1. In this Agreement the following words have the meaning set out below:
Agreement means the Order and the Terms.
Business Day means a day on which banks are open for general banking business in Perth, Western Australia excluding a Saturday, Sunday or public holiday in that city.
Confidential Information means the Agreement and information (regardless of its form) which is disclosed directly or indirectly by Ecocentric and treated or designated as confidential by Ecocentric or the Supplier knows, or ought to know, is confidential.
Contract IP means the intellectual property rights in subject matter developed by the Supplier in the performance of the Services or otherwise however under the Terms but does not include Existing IP.

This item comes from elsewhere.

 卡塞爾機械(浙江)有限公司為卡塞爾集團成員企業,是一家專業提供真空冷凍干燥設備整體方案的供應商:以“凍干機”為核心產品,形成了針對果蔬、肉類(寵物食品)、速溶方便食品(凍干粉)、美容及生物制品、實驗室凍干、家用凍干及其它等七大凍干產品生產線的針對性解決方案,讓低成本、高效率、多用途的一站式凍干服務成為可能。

Customs Duty means the imposition of charges and duties under the Customs Act 1901 (Cth).
Date for Delivery means the date for delivery specified in the Order or, if no such date is specified, four weeks after issue of the Order.
Delivery Address means the delivery address specified in the Order.

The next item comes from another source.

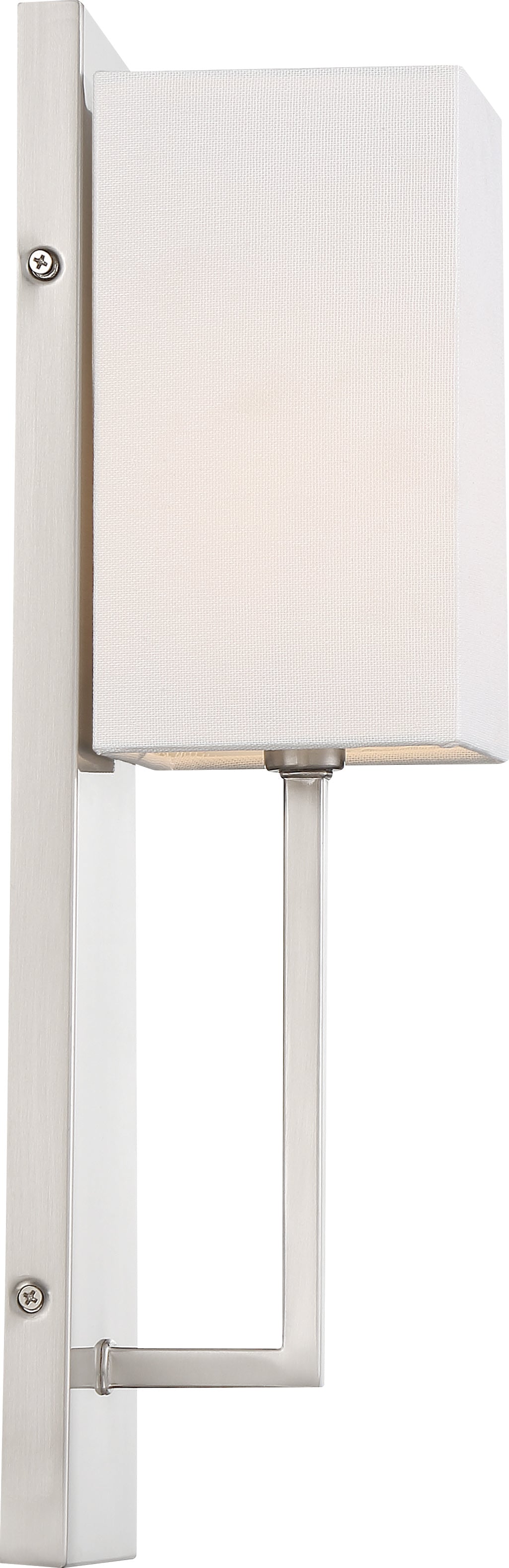 The Vesey 1 light wall sconce is precision in design. The slim, cosmopolitan design features an elongated brushed nickel back plate and a lean fitted white shade. Sleek and contemporary, this 1 light wall sconce adds style to any home.

Existing IP means the intellectual property rights owned by the Supplier prior to the commencement of the Services.
Goods means the goods stated in the Order and includes software and, unless expressly stated otherwise, Services.
Invoice means an invoice that complies with clauses 40, 41 and 42.
Milestones means the date(s) in the Order for performance and completion of the Services.
Order means the attached purchase order.
Order Number means the order number specified in the Order.
Ecocentric means Ecocentric Group Ltd ABN 30 155 436 918 trading as Ecocentric.
Personnel means the Supplier’s officers, employees, delegates, subcontractors, partners, agents and service providers of any nature.
Policies and Guidelines means all of Ecocentric’s policies and guidelines as varied from time to time.
Order Price means the price payable in respect of the Order which shall be calculated using the agreed unit rates and lumpsum prices as shown on the Order.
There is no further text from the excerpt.